**Stored data**.
BEGIN
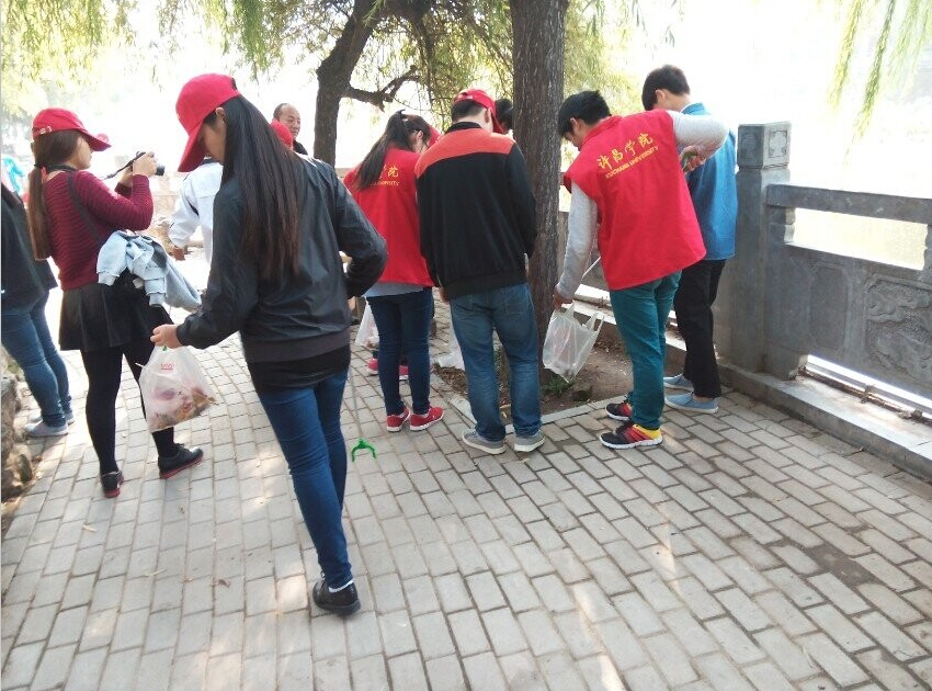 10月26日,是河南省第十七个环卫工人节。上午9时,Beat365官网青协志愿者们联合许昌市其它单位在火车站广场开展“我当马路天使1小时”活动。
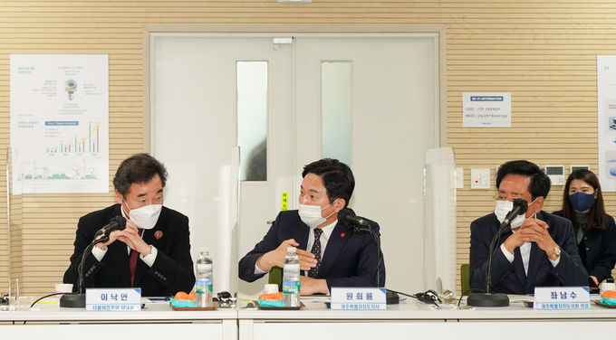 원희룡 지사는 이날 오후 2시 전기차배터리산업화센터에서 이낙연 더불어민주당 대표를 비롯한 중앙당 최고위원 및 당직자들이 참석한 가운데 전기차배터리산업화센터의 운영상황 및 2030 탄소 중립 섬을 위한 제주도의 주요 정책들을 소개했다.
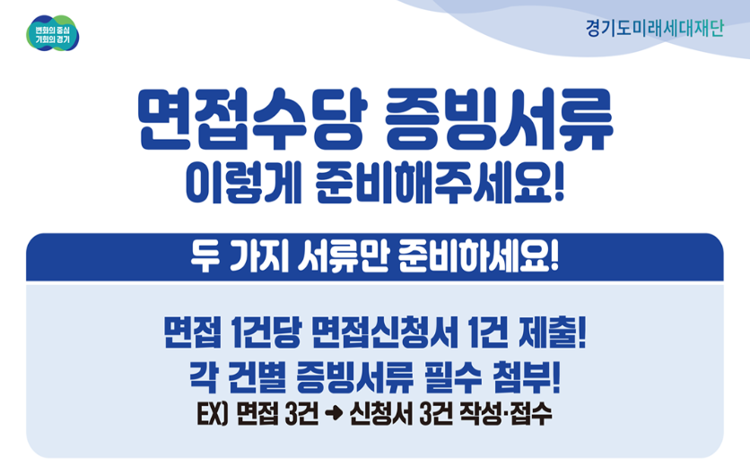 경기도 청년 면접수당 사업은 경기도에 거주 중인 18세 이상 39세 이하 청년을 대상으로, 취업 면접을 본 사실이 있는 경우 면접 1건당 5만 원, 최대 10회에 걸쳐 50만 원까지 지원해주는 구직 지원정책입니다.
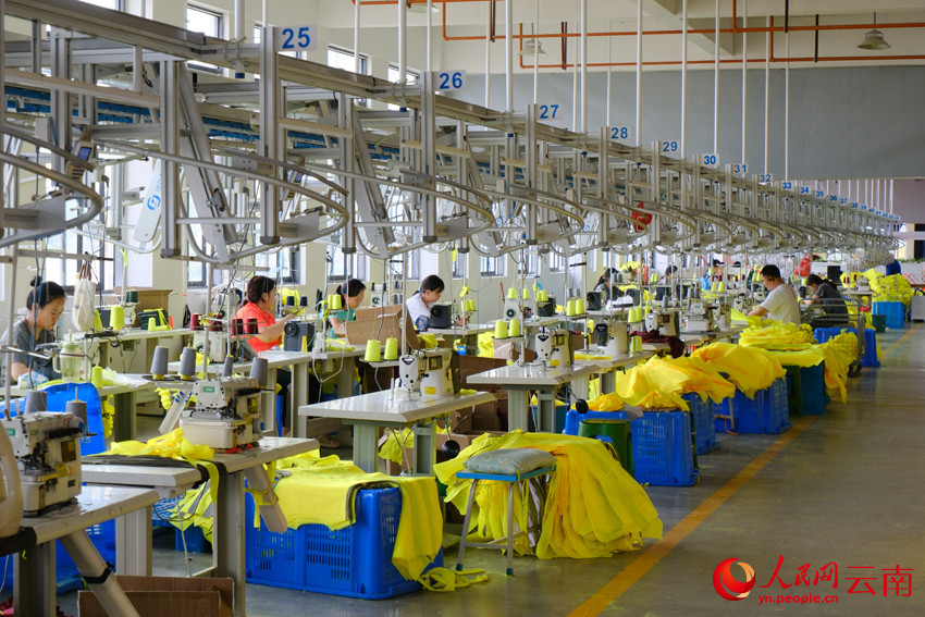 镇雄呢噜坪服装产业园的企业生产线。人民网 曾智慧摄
END
**Exercise aim**. Give back the whole listing exactly; no pictures.

**Result**.
 10月26日,是河南省第十七个环卫工人节。上午9时,Beat365官网青协志愿者们联合许昌市其它单位在火车站广场开展“我当马路天使1小时”活动。
 원희룡 지사는 이날 오후 2시 전기차배터리산업화센터에서 이낙연 더불어민주당 대표를 비롯한 중앙당 최고위원 및 당직자들이 참석한 가운데 전기차배터리산업화센터의 운영상황 및 2030 탄소 중립 섬을 위한 제주도의 주요 정책들을 소개했다.
 경기도 청년 면접수당 사업은 경기도에 거주 중인 18세 이상 39세 이하 청년을 대상으로, 취업 면접을 본 사실이 있는 경우 면접 1건당 5만 원, 최대 10회에 걸쳐 50만 원까지 지원해주는 구직 지원정책입니다.
 镇雄呢噜坪服装产业园的企业生产线。人民网 曾智慧摄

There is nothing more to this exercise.